Here is a simple fizzbuzz algorithm example for you to level up.

Given an integer `n`

, return *a string array* `answer`

(**1-indexed**) *where*:

`answer[i] == "FizzBuzz"`

if`i`

is divisible by`3`

and`5`

.`answer[i] == "Fizz"`

if`i`

is divisible by`3`

.`answer[i] == "Buzz"`

if`i`

is divisible by`5`

.`answer[i] == i`

if non of the above conditions are true.

**Example 1:**

Input:n = 3Output:["1","2","Fizz"]

**Example 2:**

Input:n = 5Output:["1","2","Fizz","4","Buzz"]

**Example 3:**

Input:n = 15Output:["1","2","Fizz","4","Buzz","Fizz","7","8","Fizz","Buzz","11","Fizz","13","14","FizzBuzz"]

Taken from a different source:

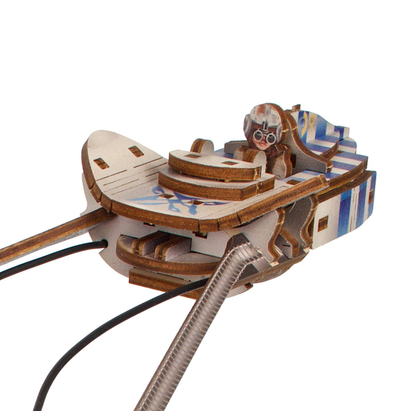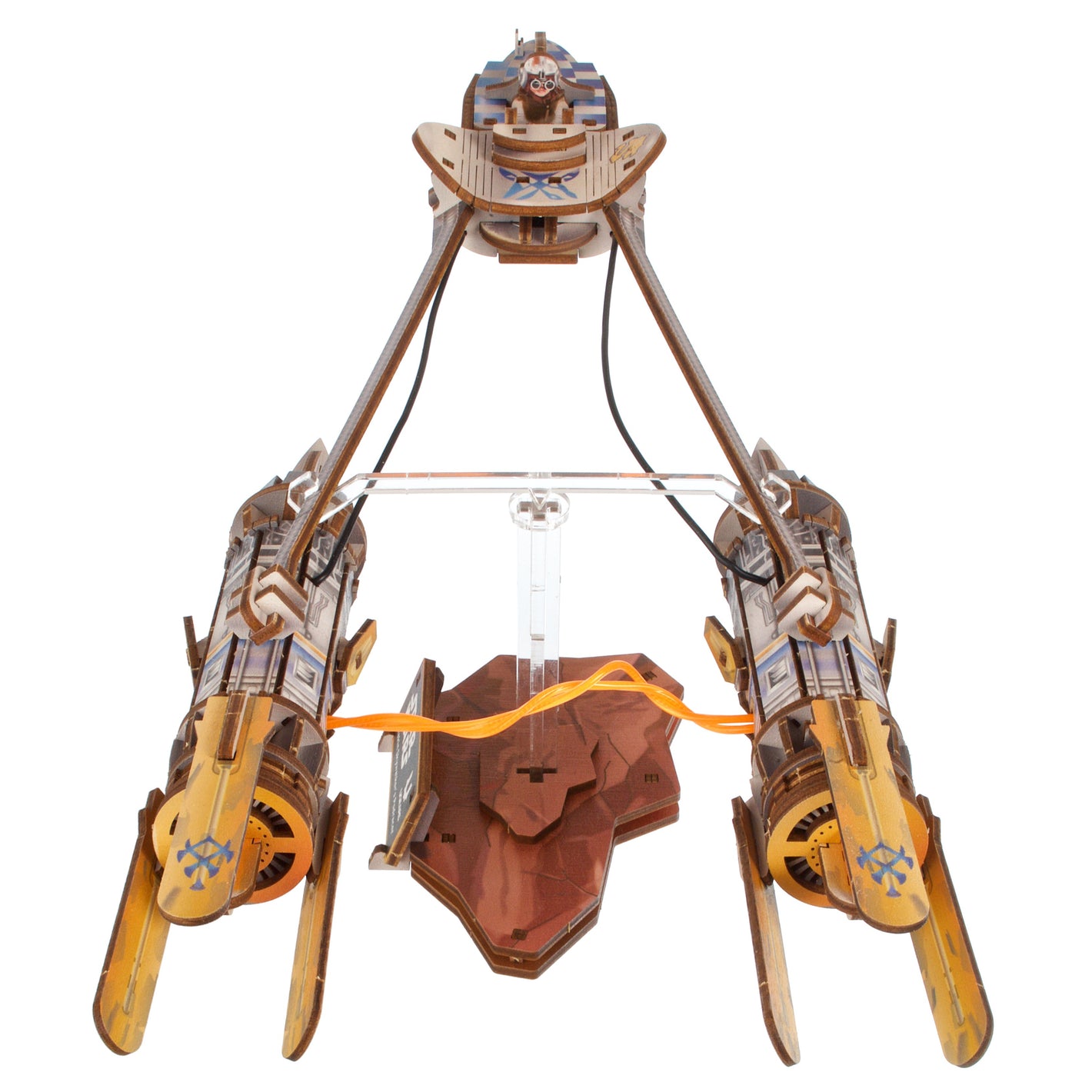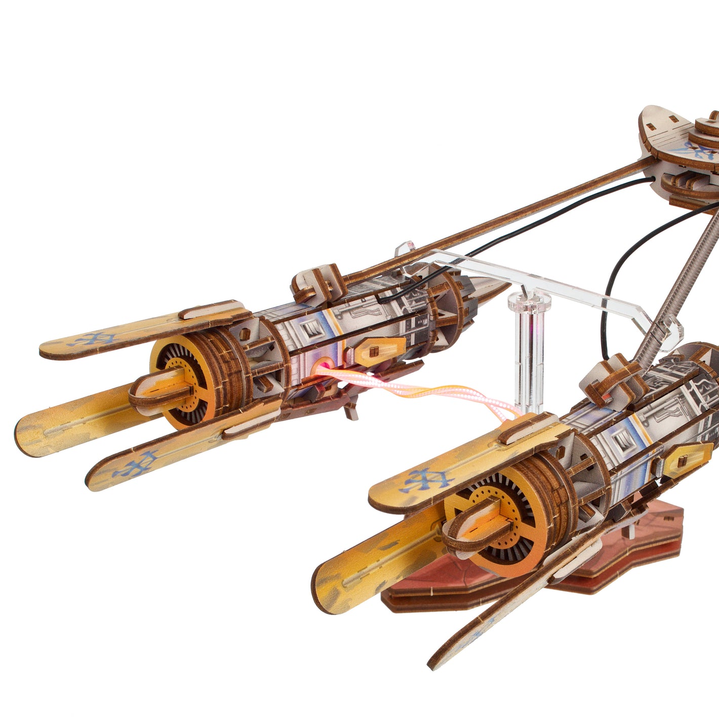 This dynamic model balances and sways to reflect its motion in the film. Twisted LEDs simulate the energy arc between the engines (batteries not included), and colored plywood adds visual depth and accuracy to the model’s design. Two optional Anakin figures: front view and three-quarter view. (While assembling, you can choose one of 2 details.)

## leetcode fizzbuzz pseudocode

- Declare an empty array to hold the final result
- Loop through the given N from one to N.
- of the loop is divisible by 3 and divisible by 5, push “fizzbuzz” into the result array.
- if index of the loop is divisible by 3, push “Fizz” into the result array.
- if index of the loop is divisible by 5, push “Fizz” into the result array.
- Otherwise, you should push the index as a string to the result array.
- return the result

```
var fizzBuzz = function(n) {
var result = []
};
```

```
var fizzBuzz = function(n) {
var result = []
for(var i = 1; i <= n; i++){
}
};
```

```
var fizzBuzz = function(n) {
var result = []
for(var i = 1; i <= n; i++){
if(i % 3 == 0 && i % 5 == 0){
result.push("FizzBuzz")
}
}
return result
};
```

```
var fizzBuzz = function(n) {
var result = []
for(var i = 1; i <= n; i++){
if(i % 3 == 0 && i % 5 == 0){
result.push("FizzBuzz")
}else if(i % 3 == 0){
result.push("Fizz")
}else if(i % 5 == 0){
result.push("Buzz")
}else{
result.push(i.toString())
}
}
return result
};
```

You can try this on the leetcode platform.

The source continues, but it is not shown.